A氏『いつも通りに空を見上げていたんだ。はぐれのワイバーンが居たら退治しなきゃならんからなあ。ああ、それと霧の兆候もしっかり監視してたよ? なにせ、この国境の先はあの国(・・・)だからね。恐ろしくって……。そしたらまあ、なんちゅうことだろうかね。道の先に大きな影が見えたんだ。冒険者連中かとも思ったんだが、国境の先は霧に沈んだハインセルだろ? 連中が無茶を生業にしているのは知っちゃあいるが、いくらなんでもそりゃ無いだろうと目をこすったら仰天! オークやらミノタウロスに体が崩れた大虎まで、化け物がよりどりみどりだ! おら、もう慌てに慌てて急いで詰め所へ帰ったよ』

記者『それはそれは。大変でしたね。その時に霧の探知機(ミストベル)に反応はありましたか?』

A氏『どうだったかなあ、あんまり驚いたもんだから……覚えてねえやな。すまねえな』


 記者は彼の同僚らにも取材の先を向けたが、得られた証言は同じものだった。

 ハインセルの国境より多くの脅威が現れ、それは現在もなお継続して増え続けている。竜王国は防衛と討伐を目的として軍を向け、隣国であるマールウィンド連邦も応援として騎士団を向けた。

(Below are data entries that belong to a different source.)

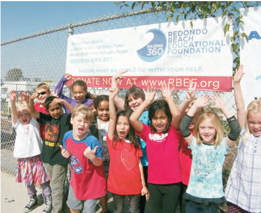
Madison students getting behind the RBEF 360 Donor Drive

You may have seen the RBEF posters around school asking you to donate $360, which is roughly a dollar a day for this spring donor drive. But if you are unable to make this $360 tax-deductible donation then please consider giving what you can.
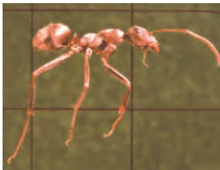
The Argentine ant loves its sweets.

If the concentration of active ingredient is too high, the ants will die too
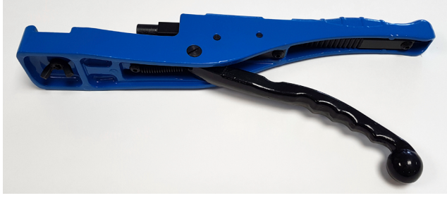
Main unit with handle and lever, 1 pc.
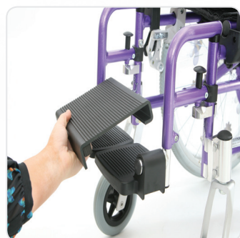
One piece footplate cover, removable.
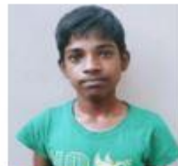
Madhir 3 rd (81%)
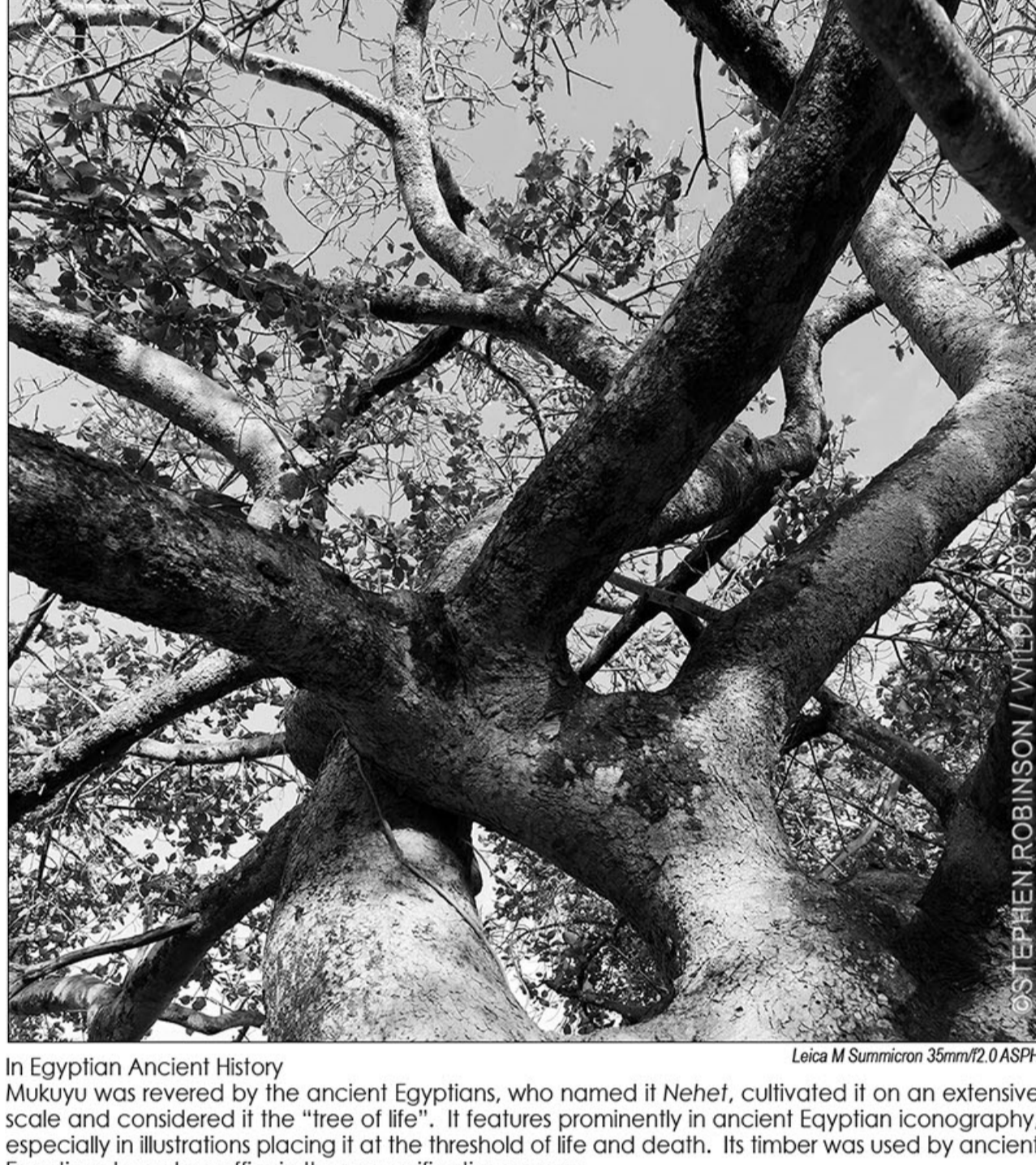
In Egyptian Ancient History Mukuyu was revered by the ancient Egyptians, who named it Nehet, cultivated it on an extensive scale and considered it the "tree of life". It features prominently in ancient Egyptian iconography, especially in illustrations placing it at the threshold of life and death. Its timber was used by ancient Egyptians to make coffins in the mummification process.

過剰とも思われる戦力だが、ハインセルの魔物が外部に現れたのならば当然の措置とも言える。

 また、マールウィンド連邦の冒険者ギルドでは竜王国の応援へと向かう有志を募っている。これらは特例ではあるが討伐依頼として発行をされており、無事に任期を終えた者には通常よりも多額の報酬が支払われる。連絡先は枠外に……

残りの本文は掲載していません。